Items from a data source:
★ ★ ★ ★ ★ ★ ★

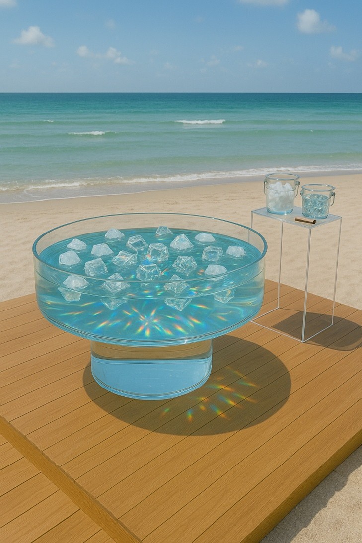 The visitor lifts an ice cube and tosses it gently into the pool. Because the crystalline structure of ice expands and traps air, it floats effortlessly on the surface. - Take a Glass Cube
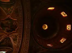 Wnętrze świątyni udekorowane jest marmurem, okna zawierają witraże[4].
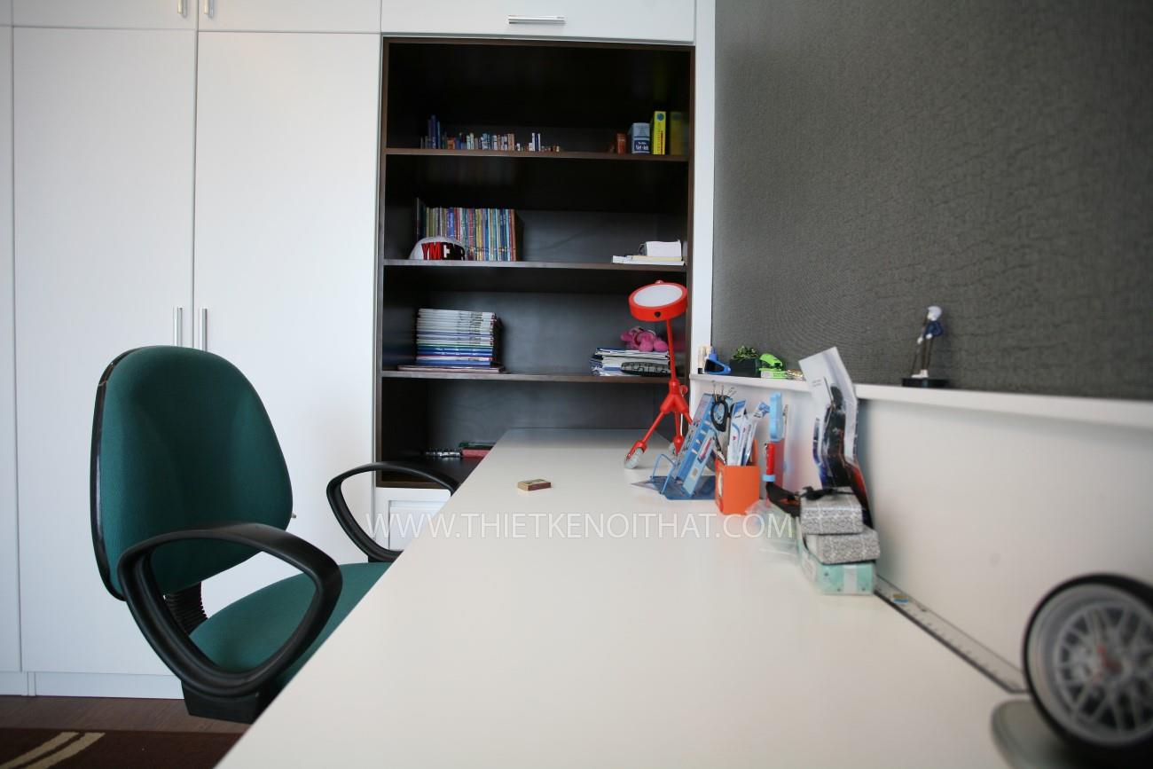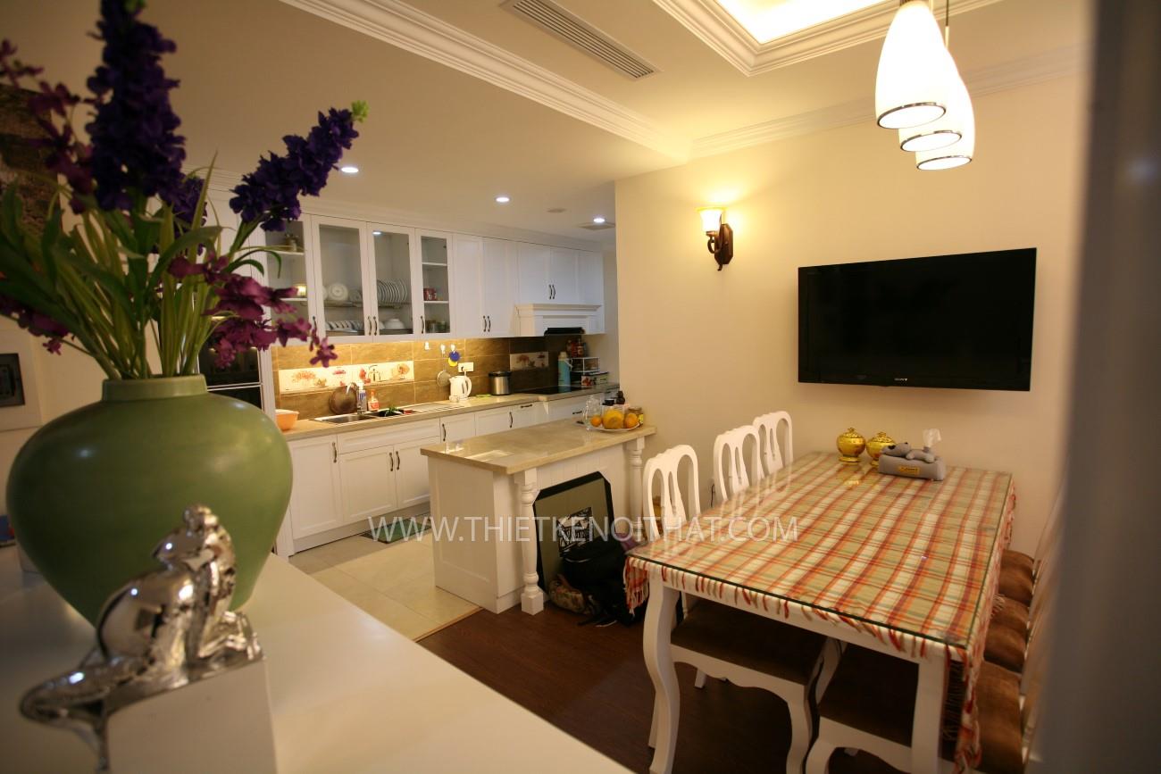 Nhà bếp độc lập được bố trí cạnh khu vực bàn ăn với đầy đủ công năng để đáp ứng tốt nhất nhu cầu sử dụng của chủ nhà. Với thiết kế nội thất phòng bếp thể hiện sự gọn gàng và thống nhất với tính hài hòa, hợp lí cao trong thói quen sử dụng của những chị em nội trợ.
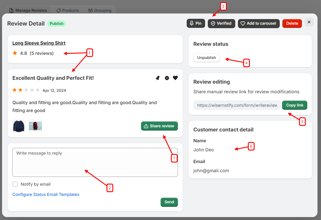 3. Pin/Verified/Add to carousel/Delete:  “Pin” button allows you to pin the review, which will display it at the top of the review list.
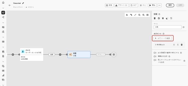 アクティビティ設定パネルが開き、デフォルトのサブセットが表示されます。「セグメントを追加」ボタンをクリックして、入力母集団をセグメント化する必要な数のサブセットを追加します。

★ ★ ★ ★ ★ ★ ★

## Exercise brief:
Would you reproduce the lines from the one with "3. Pin/Verified/Add to" through the final line of the data above, exactly and only those, without any pictures?

## Exercise solution:
 3. Pin/Verified/Add to carousel/Delete:  “Pin” button allows you to pin the review, which will display it at the top of the review list.
 アクティビティ設定パネルが開き、デフォルトのサブセットが表示されます。「セグメントを追加」ボタンをクリックして、入力母集団をセグメント化する必要な数のサブセットを追加します。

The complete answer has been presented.